Justice prédictive et outils de calcul d'indemnisation en ligne

« Calcul indemnisation », « calcul réparation dommages corporels », « conseil aux victimes »... Ces requêtes, couramment saisies par les victimes d'accidents dans les moteurs de recherche, renvoient à un nombre incalculable de résultats parmi lesquels il devient banal de trouver des « calculettes » permettant de chiffrer le montant d'une indemnisation « globale ». En quelques clics, en quelques secondes ! Il s'agit pour l'internaute-victime de renseigner quelques formulaires, souvent extraordinairement simplistes, pour voir apparaître sur l'écran le montant, à l'euro près, de l'indemnisation à laquelle elle a droit. De cette manière, revient à la victime le soin de chiffrer une pension alimentaire ou une prestation compensatoire. Tout semble ici d'une facilité déroutante : immédiateté, simplicité, dématérialisation, absence d'intermédiaire. Certains n'y voient que des avantages. Ces outils - que l'on ferait mieux d'appeler gadgets - , sans rapport décent avec la gravité du sujet dont il est ici question, développent chez leurs utilisateurs un sentiment d'autonomie ainsi qu'un émerveillement spontané devant la somme apparemment rondelette (même si parfaitement à hasardeuse) qu'ils annoncent.

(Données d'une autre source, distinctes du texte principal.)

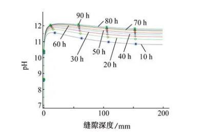如圖2和圖3所示,縫隙中每個點的pH隨著時間的延長而增加,在施加極化電流后的5 h之內,溶液的pH迅速從6.8升高到10以上;隨著時間的繼續延長,溶液pH逐漸穩定。溶液pH隨縫隙深度的增加而升高,約100 h后其pH穩定在12左右,在距離縫口約15 mm處溶液pH出現峰值。
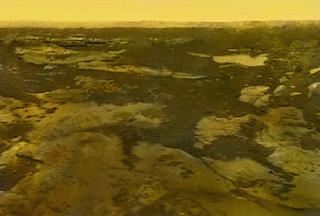 Extracto de imagen de Detlev Van Ravenswaay para fineart.america del módulo de descenso Venera en la superficie de Venus.
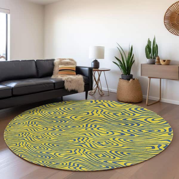 Mayfield Premium Machine Washable Abstract AMF1031 Yellow 8 ft. x 8 ft. Round Rug
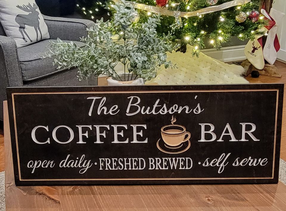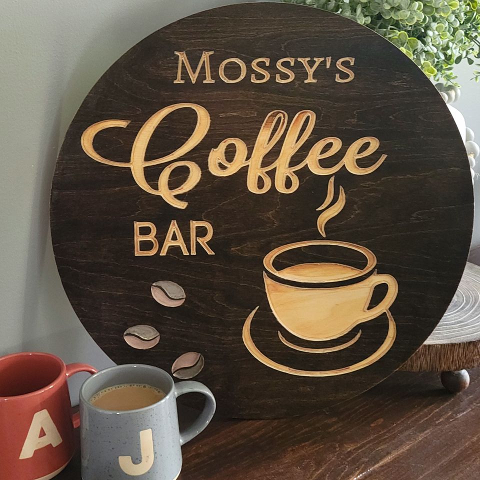 Rustic beautiful coffee bar signs would look great hanging over your own coffee bar station. Feature a Kendal Heights coffee bar sign personalized with your name.
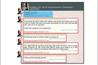 Mensagens reproduzidas no relatório final em que a Polícia Federal indiciou o ex-presidente Jair Bolsonaro (PL) e o seu filho Eduardo Bolsonaro (PL-SP) mostram o deputado federal xingando o pai devido a uma entrevista em que ele foi chamado de imaturo.
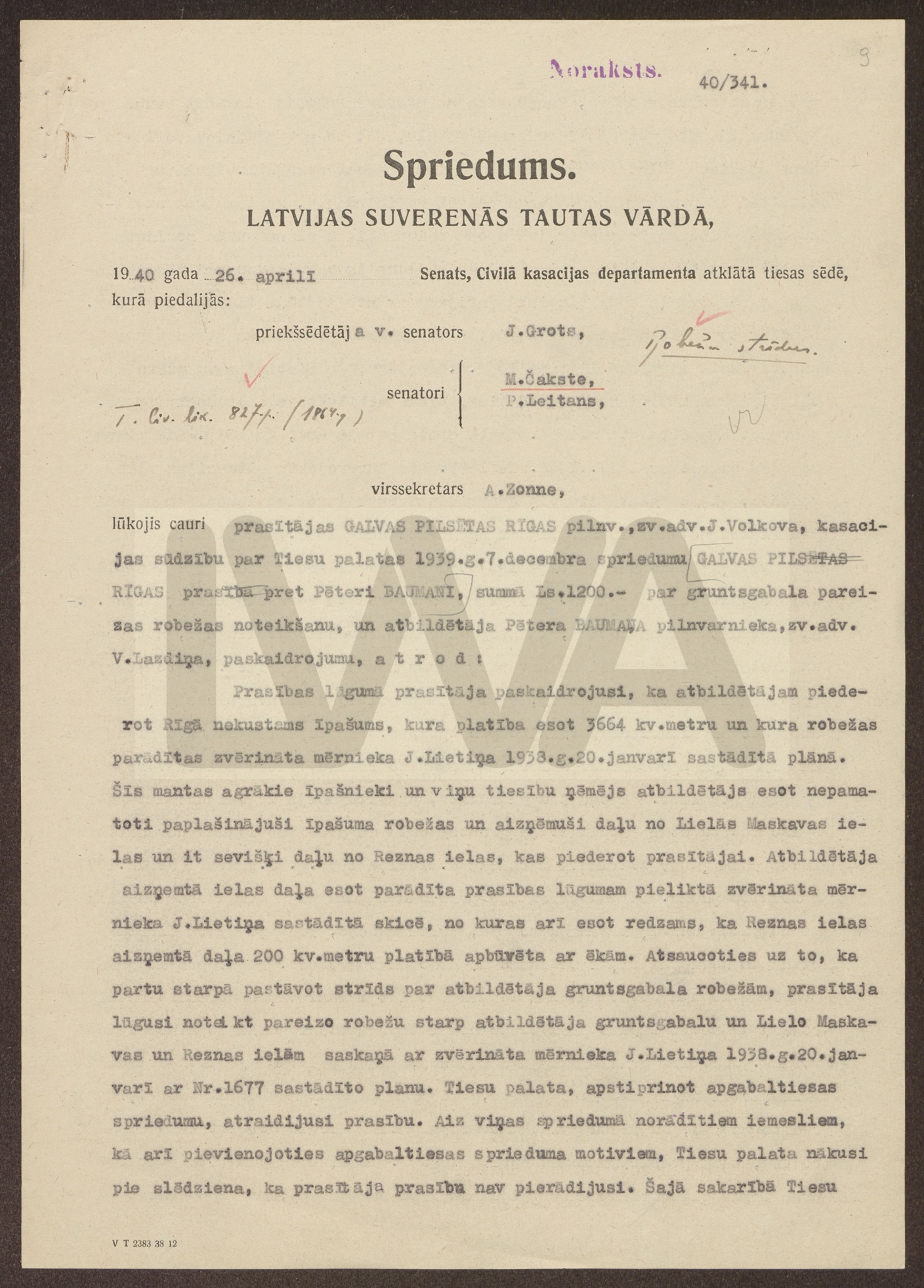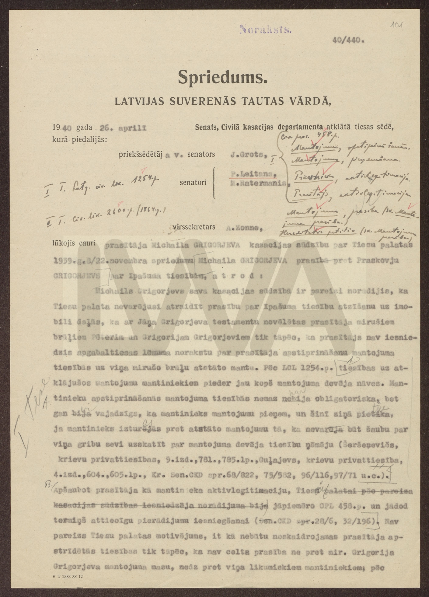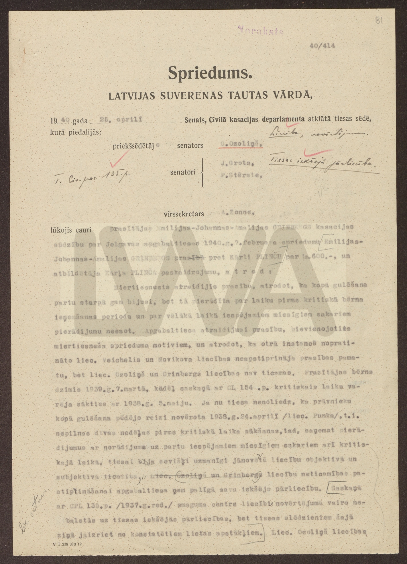 CKD spriedumi 1940.g. aprīlis (LVVA 1535. f. 8. apr. 34. lieta)

À titre d'exemple, on trouve des questionnaires où l'on demande à la victime internaute de noter par elle-même, de 1 à 7, les préjudices qu'elle subit. A elle encore d'évaluer le niveau de sa douleur, son préjudice esthétique, son préjudice sexuel ou d'agrément, sa perte de revenu total depuis son accident, les frais qui demeurent à sa charge, et même les frais en tierces personnes… Tout cela fera bondir n'importe quel professionnel droit qualifié en réparation du dommage corporel. Et pourtant … Après avoir procédé à son évaluation, la victime, pour « en savoir plus », est invitée à entrer en contact avec le cabinet ou la société annonceuse, par mail ou par téléphone. Il lui sera alors proposé « un bilan » de sa situation... Aucun examen préalable en vue. Aucun entretien, aucune expertise médico-légale. La victime est ficelée, et c'est là l'essentiel. Elle est prise au piège, embarquée dans une aventure dont elle ne manquera pas de faire les frais.

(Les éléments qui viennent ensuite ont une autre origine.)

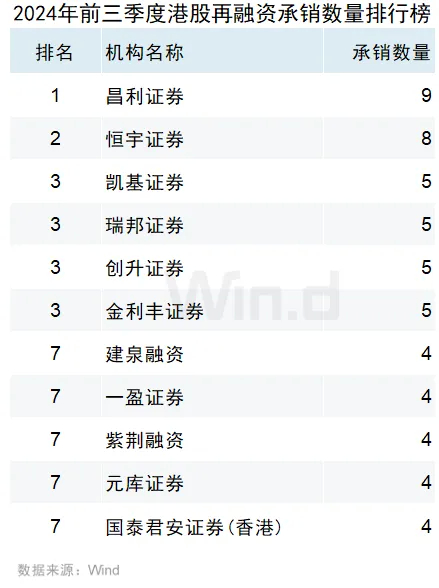 中金公司以59.93亿港元的再融资承销规模位列第一,承销数量3起;华泰金控以38.55亿港元的承销规模位列第二,承销数量3起;中信证券(香港)以33.68亿港元的承销规模位列第三,承销数量3起。
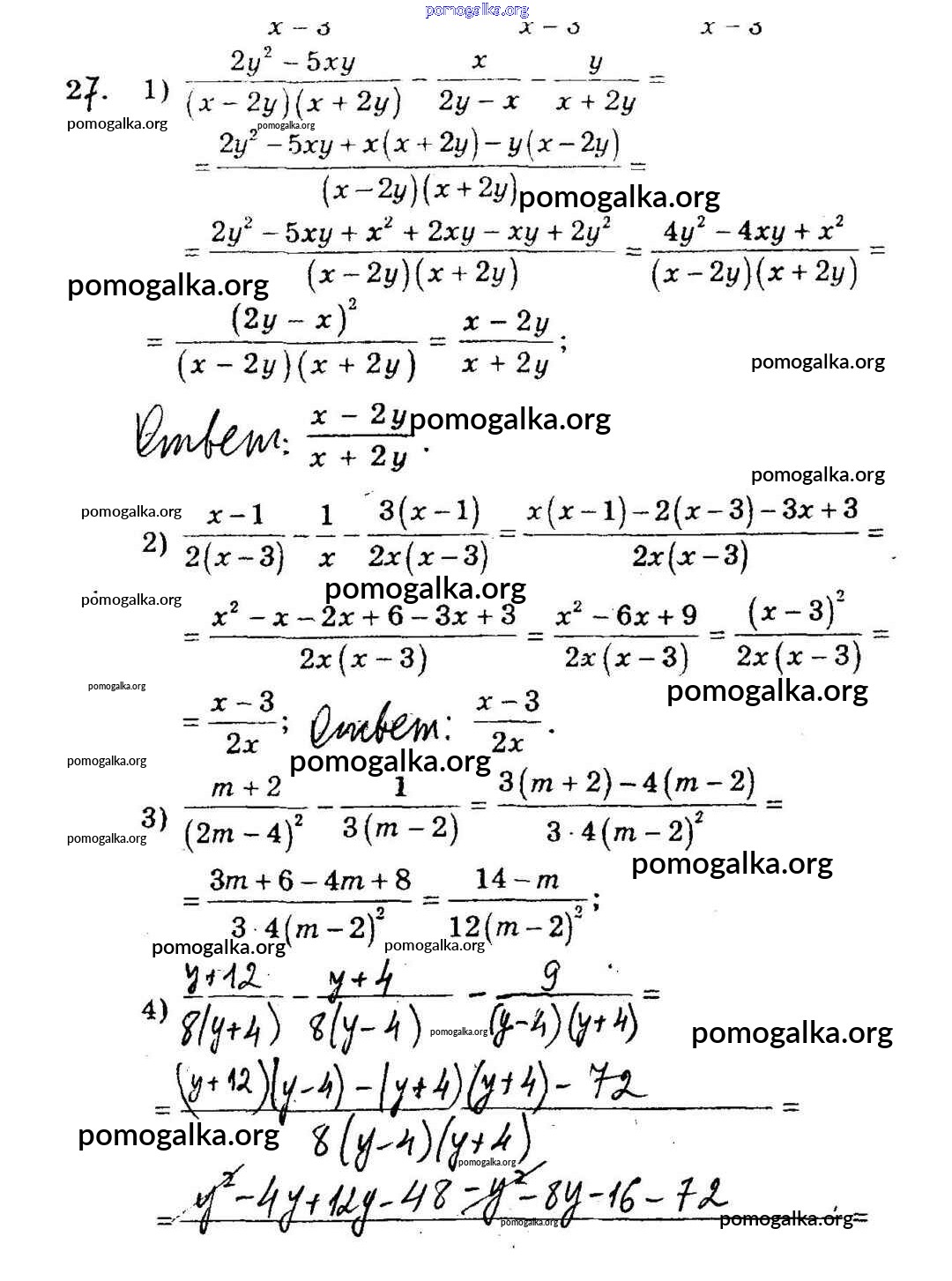 Готовые ответы - Алгебра 8 класс Дидактические материалы Мерзляк А.Г. - вариант 2 упражнение 27
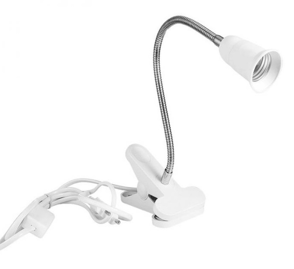 Настольная лампа на прищепке с патроном на гибкой подводке - предназначен для организации дополнительной подсветки цветов, рассады. Гибкая стойка позволяет менять высоту и направление лампы. Можно направлять свет в том направлении, которое необходимо. На одном конце удлинителя расположена специальная прищепка, с помощью которой, можно закрепить за подоконник, полку, дверь, ручку и т.д. Светильник предназначен для использования фитолампы с патроном E27. Гибкая подводка 30см позволяет наклонить патрон для освещения необходимого пространства или предметов под удобным изгибом.

Ces outils en ligne sont une insulte à la pratique du droit, et même à la justice au sens où elle devrait s'entendre. Ces pratiques qui relèvent du pur marketing et non de l'approche médico-légale dont devrait bénéficier n'importe quelle victime doivent être dénoncées.

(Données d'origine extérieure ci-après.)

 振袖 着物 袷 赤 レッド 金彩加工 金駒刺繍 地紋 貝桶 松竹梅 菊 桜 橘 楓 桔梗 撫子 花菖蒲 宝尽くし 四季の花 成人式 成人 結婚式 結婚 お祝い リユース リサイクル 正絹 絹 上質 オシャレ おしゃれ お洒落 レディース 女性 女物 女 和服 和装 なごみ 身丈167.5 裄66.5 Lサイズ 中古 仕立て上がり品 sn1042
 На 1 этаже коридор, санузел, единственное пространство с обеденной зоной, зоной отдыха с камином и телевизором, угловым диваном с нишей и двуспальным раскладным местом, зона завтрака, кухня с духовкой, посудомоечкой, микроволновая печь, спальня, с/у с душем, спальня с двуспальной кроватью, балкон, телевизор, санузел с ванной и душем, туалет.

Soulignons encore que la prolifération de ces officines ne doit rien au hasard. Elle intervient dans un contexte politique et social très particulier. Assureurs et pouvoirs publics ont en commun de promouvoir depuis maintenant quelques années le concept de « justice prédictive ». Une justice où la « barémisation » de toute forme de litige se substitue à l'examen au cas par cas et au jugement humain et qualifié. Les ordonnances Macron vont dans ce sens. Selon les partisans de cette approche, l'intelligence artificielle serait désormais en mesure de rendre des décisions rapides et adaptées sur n'importe quel sujet, dans n'importe quel contexte, sur la base de statistiques et de solutions toutes faites. Il en résulte que toute situation, tout accident, pourtant singulier et exceptionnel par nature, pourrait sans inconvénient être mis en équation. Et l'évaluation pourrait être immédiate. En matière de dommages corporels, cela revient à dire que la technologie et les algorithmes sauraient se substituer à l'expertise médico-légale et à l'examen attentif du dossier d'une victime !
Cette orientation profondément anti-juridique est l'émanation d'une volonté commune aux pouvoirs publics et aux compagnies d'assurances. Ses défenseurs affirment qu'elle va dans le sens de l'équité et d'une justice homogène à tout le territoire national. Pourtant, on ne peut s'y tromper : derrière cet argument fallacieux de l'équité, il y a des motivations éminemment économiques. Nul n'ignore la volonté des pouvoirs publics à rogner sur le budget de la justice. Il en est de même des compagnies d'assurances proposant les mêmes « calculettes », toujours soucieuses de boucler au plus vite et au moindre coût un dossier d'indemnisation de victime.

La justice prédictive est avant toute chose une justice hâtive et comptable, très lucrative toutefois pour certains.